「医師から痛みをやわらげるためにモルヒネを薦められても受け入れないんです。どんなに痛くてもロキソニン1錠しか口にしませんでした」
37歳で世を去った元小結・時天空の間垣親方を看取った関係者から、そんな話を耳にした。
「もう去年の秋くらいは自力で歩けず、車椅子に乗って移動していました。骨に転移していたため、ちょっと体を動かすだけでも激痛が走るというんです。それでもモルヒネを受け入れなかったのは、“自分は親方としてカムバックする。そして弟子を育てる”という意志が強かったためです」
本名アルタンガダシーン・フチットバータル。モンゴル・ウランバートルの出身だ。
子供の頃からブフ(モンゴル相撲)や柔道に親しんだ。
20歳の時、モンゴル国立農業大学からスポーツ交流留学生として東京農大に転入した。卒業後は帰国し、教員になる予定だった。

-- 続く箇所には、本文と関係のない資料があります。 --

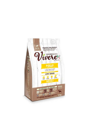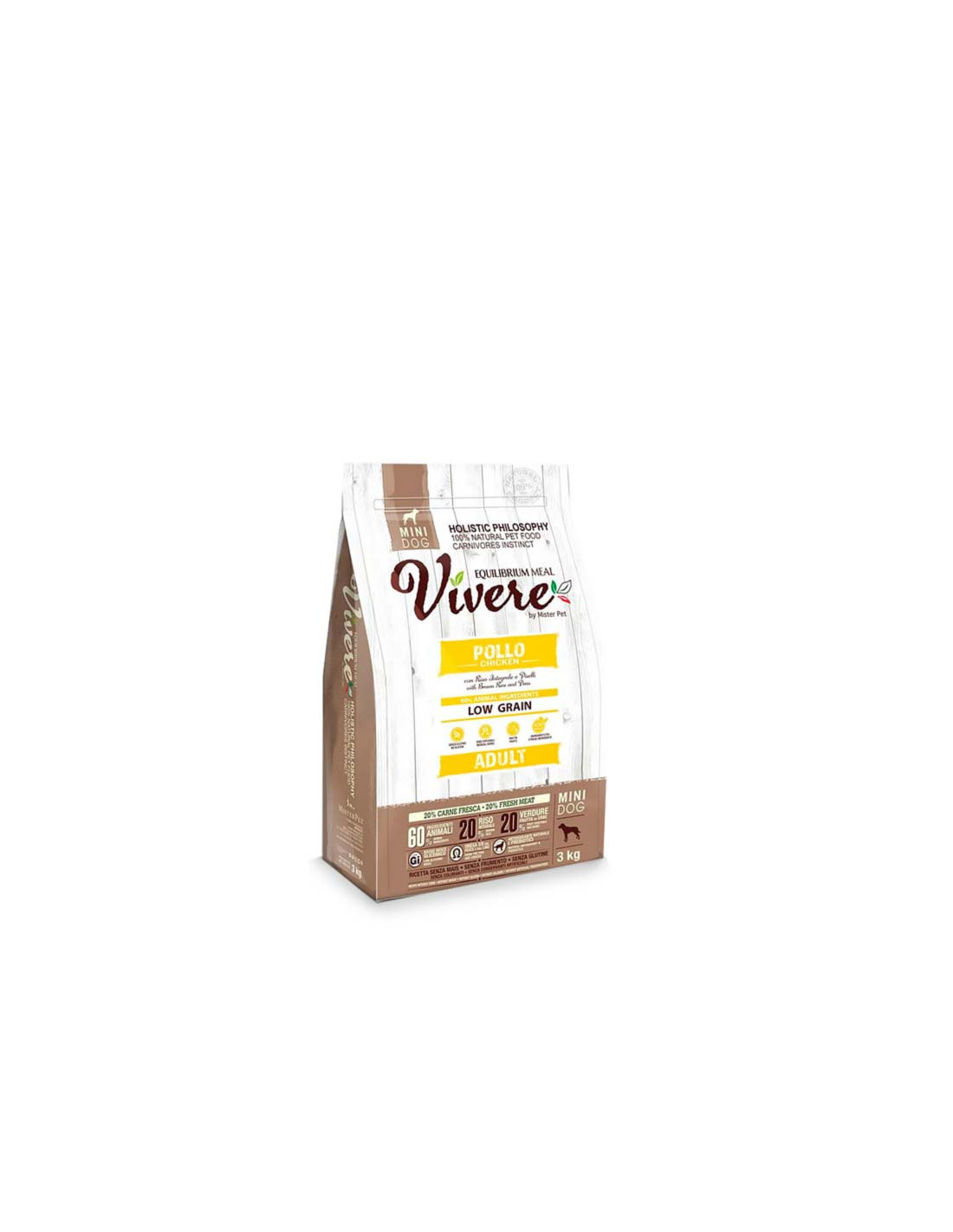 Vivere Low Grain Razas Mini Pollo Alimento completo y 100% natural, formulado específicamente para perros adultos de razas pequeñas, con pollo, arroz integral y guisantes como ingredientes clave.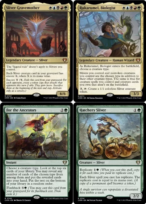 Sliver Swarm è un Tribal Sliver che sfrutta tutti i colori presenti in Magic. Per chi non lo ricordasse, i tramutanti sono un tipo di creatura che ha la caratteristica di potenziare i suoi simili… La strategia è semplice: più si giocano tramutanti e più diventano devastanti! Un deck estremamente semplice, ma diventa velocemente davvero potente. I nuovi tramutanti proposti sono molto interessanti, tuttavia il deck va potenziato con alcuni tramutanti cardine (come Signore Supremo dei Tramutanti e Il Primo Tramutante) e con altre magie di protezione per salvare l’esercito (come Comando del Patriarca o Intervento Eroico). Lo consiglio vivamente ai giocatori che vogliono approcciarsi al Commander.

そんなある日、国技館で朝青龍と再会した。朝青龍はモンゴル時代の柔道仲間であり、同じ釜の飯を食いながらオリンピックを目指していた時期もある。
18歳で角界に身を投じた朝青龍は、既に十両にまで昇進していた。羽振りのいい後輩の姿が、時天空にはまぶしく感じられた。
柔道経験者だけあって足技に長けていた。とりわけ持ち上げた相手の足を蹴る二枚蹴りは彼の代名詞となっていた。
モンゴルの後輩にあたる白鵬の時天空評。
「十両で初めて対戦したときは気迫が凄くて、目を合わせづらかった。常に足技を警戒しないといけなかった。なんでもできる業師」
最高位は小結。本人は「もっと上を目指したい」と語っていた。
モンゴル出身の異能派力士を病魔が襲ったのは一昨年の夏である。弱音を吐かない男が、珍しく「肋骨が痛い」と言って顔をしかめた。診断の結果は「肋骨のヒビ」。実は悪性リンパ腫による骨融解だった。
腫瘍専門医によると「脊椎が原発の悪性リンパ腫は性質が悪い」。1年半後には帰らぬ人となってしまった。
何度か部屋を訪ねたことがある。自室にはモンゴルの英雄チンギス・ハンの肖像画が飾ってあった。
日本国籍を取得してからも「モンゴルのことを忘れたことはない」と語っていた。
通夜が執り行なわれた日、両国の回向院は突風に見舞われた。モンゴルの大地へと無事、魂は運ばれただろうか。